A core claim of today’s populist “north south divide” narrative, to which Boris Johnson’s government, Corbynite Labour and the Guardian all subscribe, is that an “anti-northern bias” is not only embedded in the mindset of national government machinery in Whitehall – which is what subscribers to the narrative sometimes mean when they complain about “London” – but also written in to the Treasury’s fabled Green Book, its guidance for appraising projects and policies a government might back with public money.
The view that the Green Book’s formulae and assumptions are effectively rigged to favour London at the expense of, in particular, the north of England, has become so embedded that even the BBC reported it at the weekend as uncontested fact.
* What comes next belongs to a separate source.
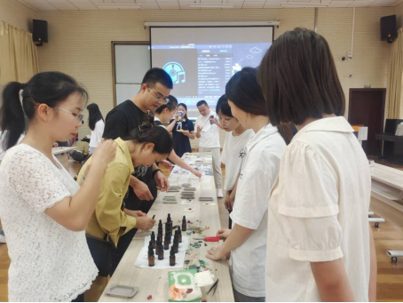 活动开始,老师们认真挑选花瓶样式,搭配不同的干花花束再滴上精油,制作出了自己喜爱的肉桂香薰;随后开始自制香薰蜡牌,从选模具、浇灌蜡油、选干花饰品、到凝固、最终脱模成型,老师们的喜悦之情溢于言表。制作完成后,老师们表示这次活动很有意义,在制作的过程中满满都是参与感和成就感,还感受到浓厚的节日氛围。

We were told that Chancellor Rishi Sunak “plans to remove a longstanding bias that has affected funding for northern England and other regions” and that changes to the Green Book will be integral to this as part of the government’s “levelling up” agenda.
As we await the removal of this favoured treatment of “rich London” – with its nation-leading poverty rates, and all – let’s remember that not everyone accepts such a bias really exists.
As On London reported in September, an analysis by think tank Centre for Cities, which is concerned with the economies of all the UK’s cities and large towns, concluded that the Green Book’s method for calculating, say, a transport infrastructure project’s benefit cost ratios – its overall value for money in terms of return on investment – are not biased towards London and the wider south east of England at all.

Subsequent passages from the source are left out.